Information supplied
___

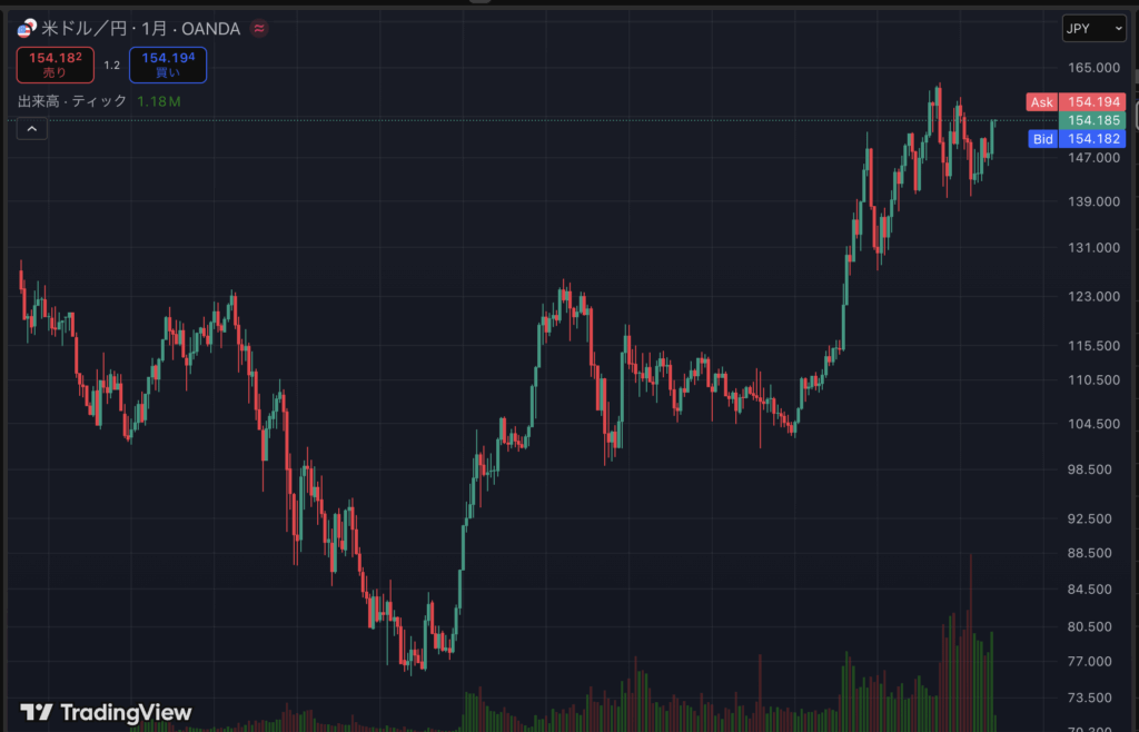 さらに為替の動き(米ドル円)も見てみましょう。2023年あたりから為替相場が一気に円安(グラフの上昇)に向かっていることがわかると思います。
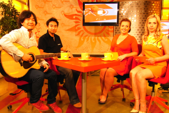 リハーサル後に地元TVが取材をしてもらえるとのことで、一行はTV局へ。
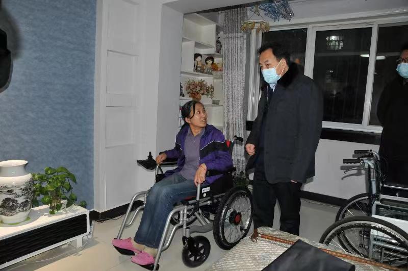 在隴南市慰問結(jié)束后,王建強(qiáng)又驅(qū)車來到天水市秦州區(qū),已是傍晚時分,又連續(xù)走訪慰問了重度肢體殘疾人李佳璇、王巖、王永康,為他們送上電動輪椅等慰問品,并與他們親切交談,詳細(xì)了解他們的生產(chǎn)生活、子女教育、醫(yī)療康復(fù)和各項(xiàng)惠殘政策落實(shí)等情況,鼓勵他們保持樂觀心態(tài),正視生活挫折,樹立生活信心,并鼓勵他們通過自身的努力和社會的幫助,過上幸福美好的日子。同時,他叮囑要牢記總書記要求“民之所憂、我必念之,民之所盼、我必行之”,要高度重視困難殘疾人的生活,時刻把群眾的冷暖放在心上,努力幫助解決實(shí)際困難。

___

Action item
Leave the pictures out and return the rest of the listing exactly.

Response area
 さらに為替の動き(米ドル円)も見てみましょう。2023年あたりから為替相場が一気に円安(グラフの上昇)に向かっていることがわかると思います。
 リハーサル後に地元TVが取材をしてもらえるとのことで、一行はTV局へ。
 在隴南市慰問結(jié)束后,王建強(qiáng)又驅(qū)車來到天水市秦州區(qū),已是傍晚時分,又連續(xù)走訪慰問了重度肢體殘疾人李佳璇、王巖、王永康,為他們送上電動輪椅等慰問品,并與他們親切交談,詳細(xì)了解他們的生產(chǎn)生活、子女教育、醫(yī)療康復(fù)和各項(xiàng)惠殘政策落實(shí)等情況,鼓勵他們保持樂觀心態(tài),正視生活挫折,樹立生活信心,并鼓勵他們通過自身的努力和社會的幫助,過上幸福美好的日子。同時,他叮囑要牢記總書記要求“民之所憂、我必念之,民之所盼、我必行之”,要高度重視困難殘疾人的生活,時刻把群眾的冷暖放在心上,努力幫助解決實(shí)際困難。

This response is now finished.